PROVIDED INFORMATION>
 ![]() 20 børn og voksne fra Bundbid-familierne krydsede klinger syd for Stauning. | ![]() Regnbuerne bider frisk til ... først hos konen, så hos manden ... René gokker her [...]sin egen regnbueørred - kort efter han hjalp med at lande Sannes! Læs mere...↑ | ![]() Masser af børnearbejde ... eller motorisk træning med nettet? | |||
...
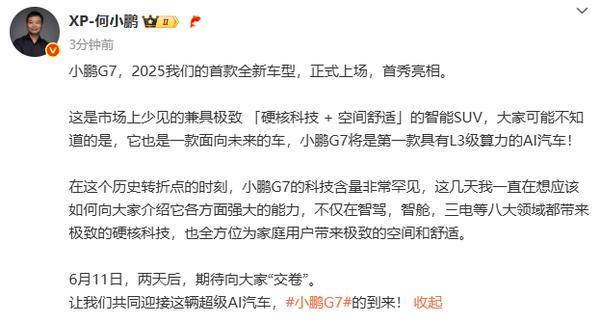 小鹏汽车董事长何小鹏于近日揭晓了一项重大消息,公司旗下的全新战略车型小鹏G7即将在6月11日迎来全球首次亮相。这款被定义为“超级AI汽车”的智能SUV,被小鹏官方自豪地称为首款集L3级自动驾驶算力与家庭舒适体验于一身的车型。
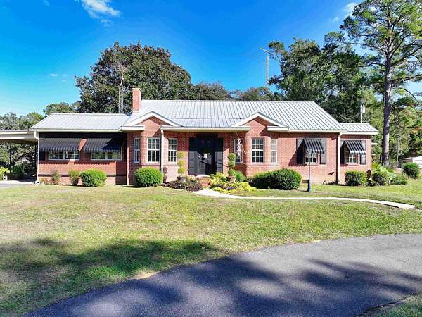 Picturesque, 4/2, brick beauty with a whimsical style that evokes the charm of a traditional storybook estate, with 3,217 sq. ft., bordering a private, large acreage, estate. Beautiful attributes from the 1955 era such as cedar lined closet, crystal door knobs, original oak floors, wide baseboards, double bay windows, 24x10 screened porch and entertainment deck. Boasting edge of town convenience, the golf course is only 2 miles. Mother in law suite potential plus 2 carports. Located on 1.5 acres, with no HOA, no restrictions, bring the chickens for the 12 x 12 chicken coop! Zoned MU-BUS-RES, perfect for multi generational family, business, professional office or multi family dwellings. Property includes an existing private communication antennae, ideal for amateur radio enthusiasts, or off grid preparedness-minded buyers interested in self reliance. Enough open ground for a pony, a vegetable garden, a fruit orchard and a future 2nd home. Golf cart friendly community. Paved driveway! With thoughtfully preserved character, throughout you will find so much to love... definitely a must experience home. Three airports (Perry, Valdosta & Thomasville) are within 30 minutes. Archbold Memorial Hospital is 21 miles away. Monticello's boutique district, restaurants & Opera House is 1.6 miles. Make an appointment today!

TASK DIRECTIONS> Transcribe, word for word, the lines of the listing above from the one that contains "小鹏汽车董事长何小鹏于近日揭" through the one that contains "Picturesque, 4/2, brick", keeping both ends and dropping the pictures.

ANSWER SECTION>
 小鹏汽车董事长何小鹏于近日揭晓了一项重大消息,公司旗下的全新战略车型小鹏G7即将在6月11日迎来全球首次亮相。这款被定义为“超级AI汽车”的智能SUV,被小鹏官方自豪地称为首款集L3级自动驾驶算力与家庭舒适体验于一身的车型。
 Picturesque, 4/2, brick beauty with a whimsical style that evokes the charm of a traditional storybook estate, with 3,217 sq. ft., bordering a private, large acreage, estate. Beautiful attributes from the 1955 era such as cedar lined closet, crystal door knobs, original oak floors, wide baseboards, double bay windows, 24x10 screened porch and entertainment deck. Boasting edge of town convenience, the golf course is only 2 miles. Mother in law suite potential plus 2 carports. Located on 1.5 acres, with no HOA, no restrictions, bring the chickens for the 12 x 12 chicken coop! Zoned MU-BUS-RES, perfect for multi generational family, business, professional office or multi family dwellings. Property includes an existing private communication antennae, ideal for amateur radio enthusiasts, or off grid preparedness-minded buyers interested in self reliance. Enough open ground for a pony, a vegetable garden, a fruit orchard and a future 2nd home. Golf cart friendly community. Paved driveway! With thoughtfully preserved character, throughout you will find so much to love... definitely a must experience home. Three airports (Perry, Valdosta & Thomasville) are within 30 minutes. Archbold Memorial Hospital is 21 miles away. Monticello's boutique district, restaurants & Opera House is 1.6 miles. Make an appointment today!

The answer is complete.